I don’t know what it is, especially since watching Free Solo gave me a touch of PTSD, but the idea of climbing outside (and outside of that pesky comfort zone again) is very exciting to me. Mostly because if you know me it’s probably the most un-Ali Martell thing to exist.
I can just see people now. “WAIT CLIMBING A MOUNTAIN? YOU?! REALLY?”
And then came Purim.
A few weeks ago I was asked very casually, “So, you’ll read from the Megillah at the Women’s Megillah Reading?”
And because I have no ability to say no to things, I said yes.
But I didn’t realize that reading from the Megillah is NOT EASY. It requires a fair (huge) amount of memorization skills and musical ability and desire to drive your family absolutely bonkers by listening to a woman read your part of Perek 8 out loud over and over and over and over. (GOD BLESS THE JOFA APP).

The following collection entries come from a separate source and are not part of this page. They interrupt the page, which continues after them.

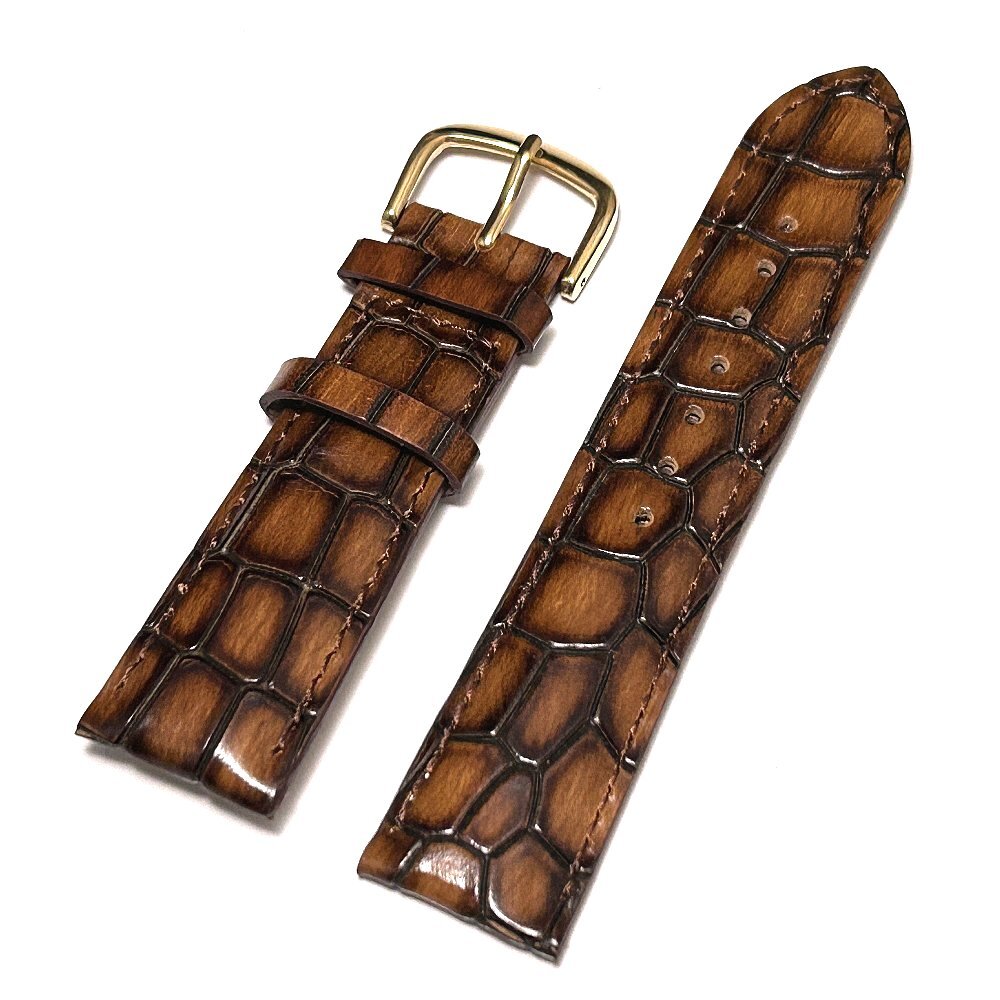 - 限定 パティーヌ調 本革型押しクロコレザー時計ベルト 22㎝ 茶 ブラウン 【アップルウォッチ対応】ヴィンテージ 限定 ベルルッティ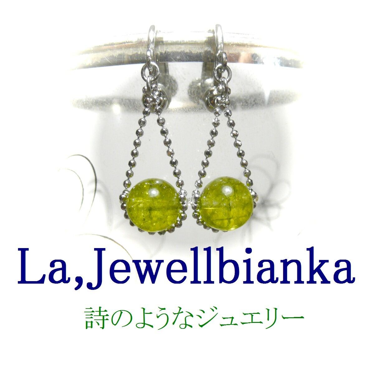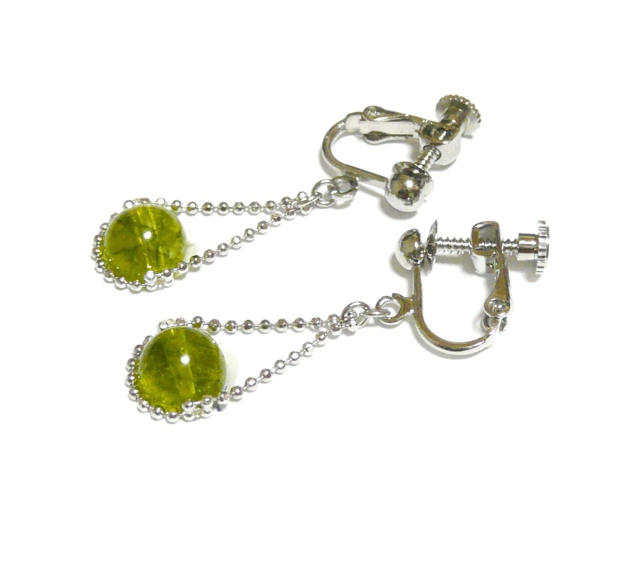穏やかな緑に澄んだペリドットがボールチェーンに包まれて、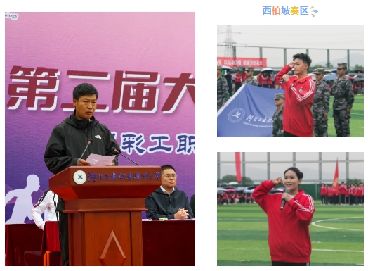 学校党委书记李鑫在西柏坡赛区宣布运动会开幕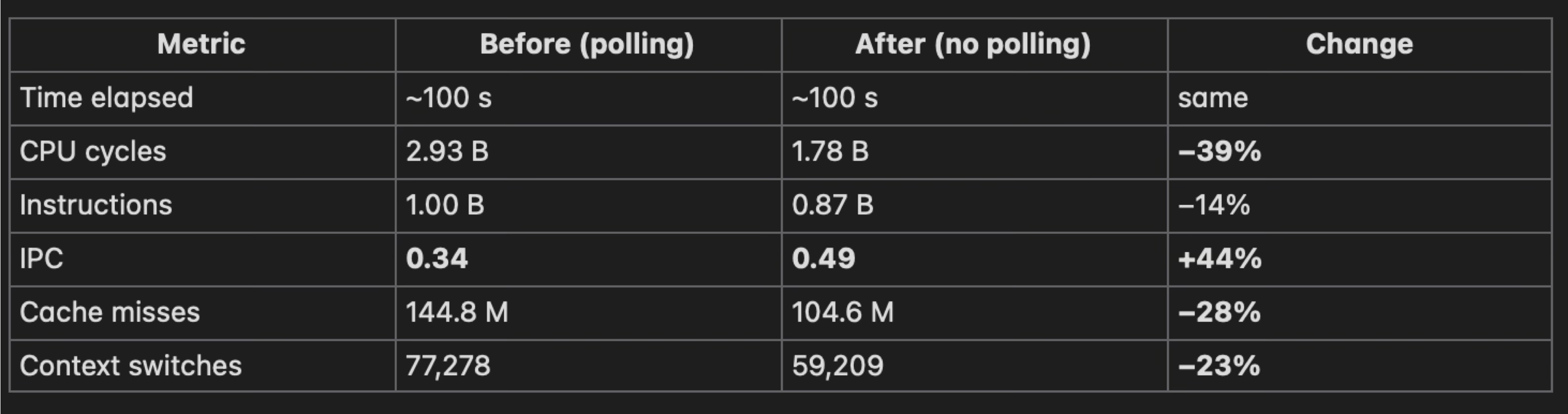 POC patch that swaps polling for CVs, but a single global CV (or even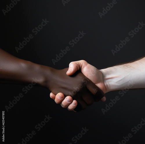 Apretón de manos entre una persona de raza negra y otra de raza blanca

There was a lot of sweat and tears involved (thankfully no blood) but, you guys, I DID IT. I got up and read from the Megillah in my Margot Tenenbaum costume that no one knew was a Margot Tenenbaum costume and ridiculous short, blond wig that everyone including my sister thought was my actual real hair because there are not enough Wes Anderson fans in my community.
Of course now I’m considering cutting off all of my hair.
Just another small step outside of my comfort zone.